### Exercise requirements
Copy the listing exactly; drop the pictures.

### Raw data
........

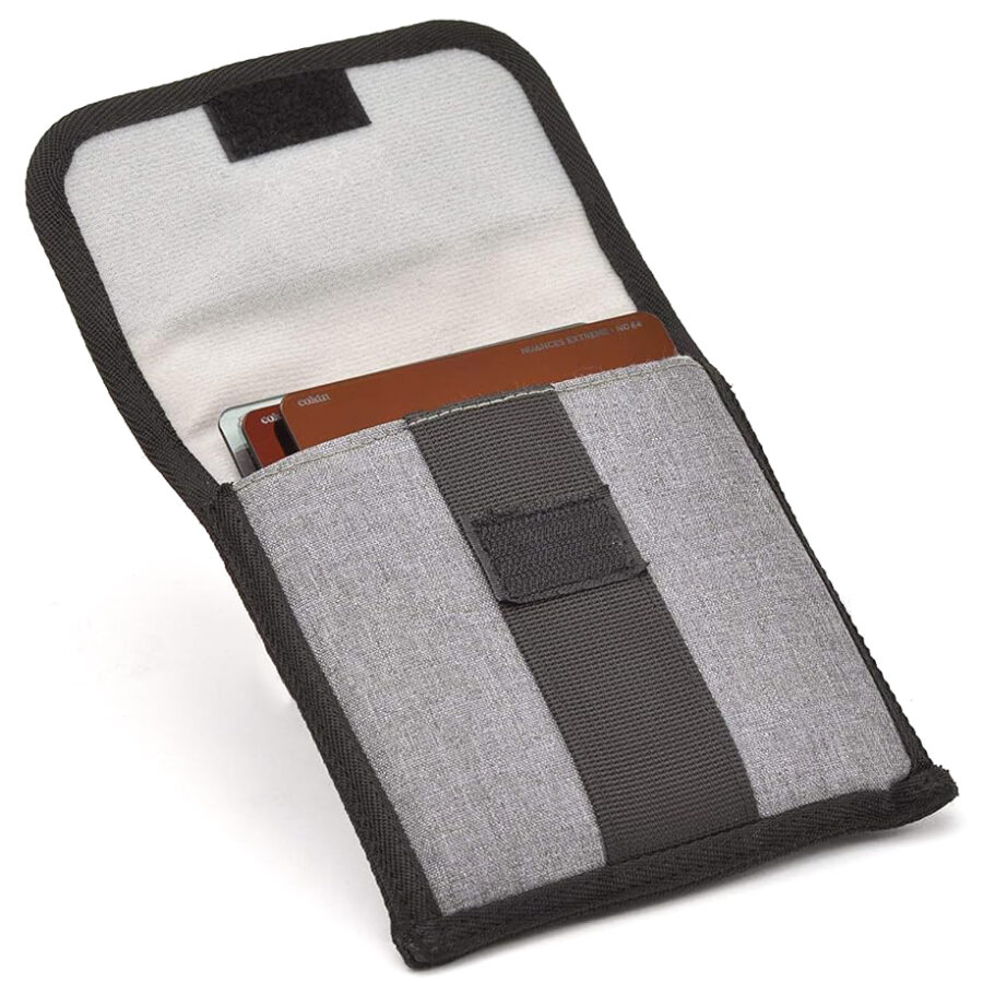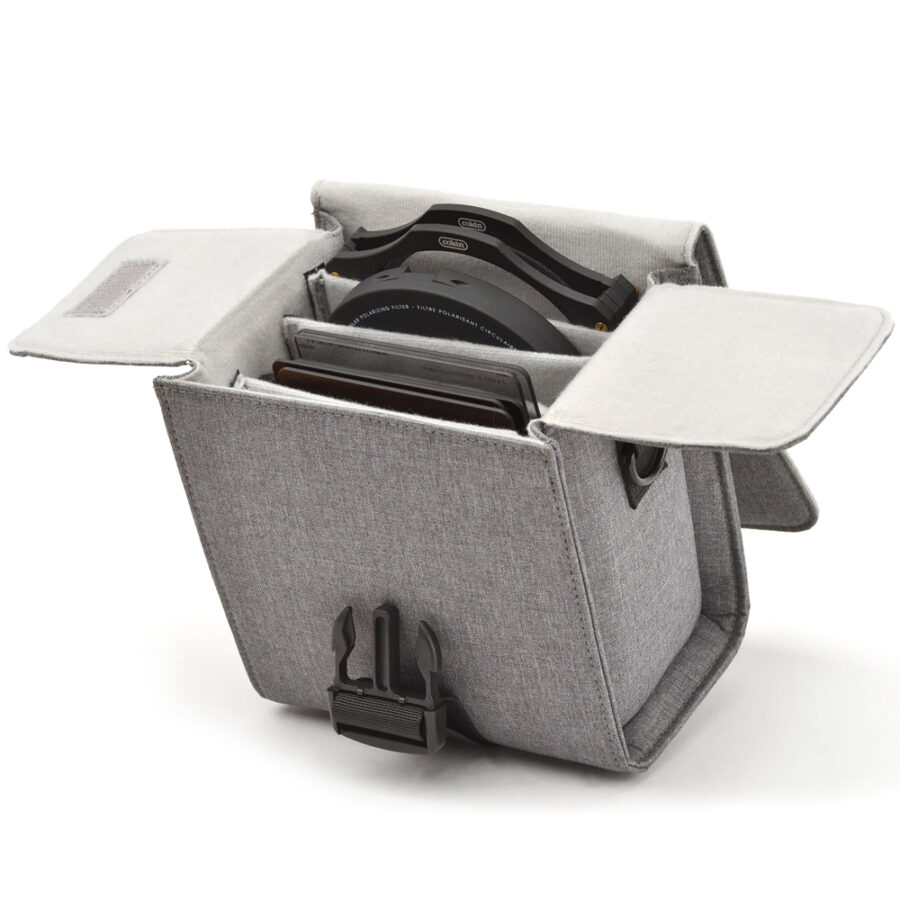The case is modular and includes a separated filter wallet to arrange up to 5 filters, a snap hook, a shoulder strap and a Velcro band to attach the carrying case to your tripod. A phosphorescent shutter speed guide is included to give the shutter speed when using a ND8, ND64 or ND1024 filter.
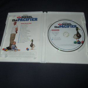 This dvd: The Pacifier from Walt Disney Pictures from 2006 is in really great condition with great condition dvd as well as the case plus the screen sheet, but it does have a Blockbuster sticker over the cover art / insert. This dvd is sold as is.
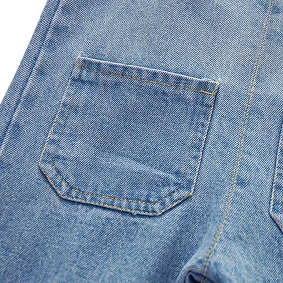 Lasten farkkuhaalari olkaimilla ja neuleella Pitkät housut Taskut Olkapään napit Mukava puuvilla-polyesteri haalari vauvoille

........

### Response to this task
The case is modular and includes a separated filter wallet to arrange up to 5 filters, a snap hook, a shoulder strap and a Velcro band to attach the carrying case to your tripod. A phosphorescent shutter speed guide is included to give the shutter speed when using a ND8, ND64 or ND1024 filter.
 This dvd: The Pacifier from Walt Disney Pictures from 2006 is in really great condition with great condition dvd as well as the case plus the screen sheet, but it does have a Blockbuster sticker over the cover art / insert. This dvd is sold as is.
 Lasten farkkuhaalari olkaimilla ja neuleella Pitkät housut Taskut Olkapään napit Mukava puuvilla-polyesteri haalari vauvoille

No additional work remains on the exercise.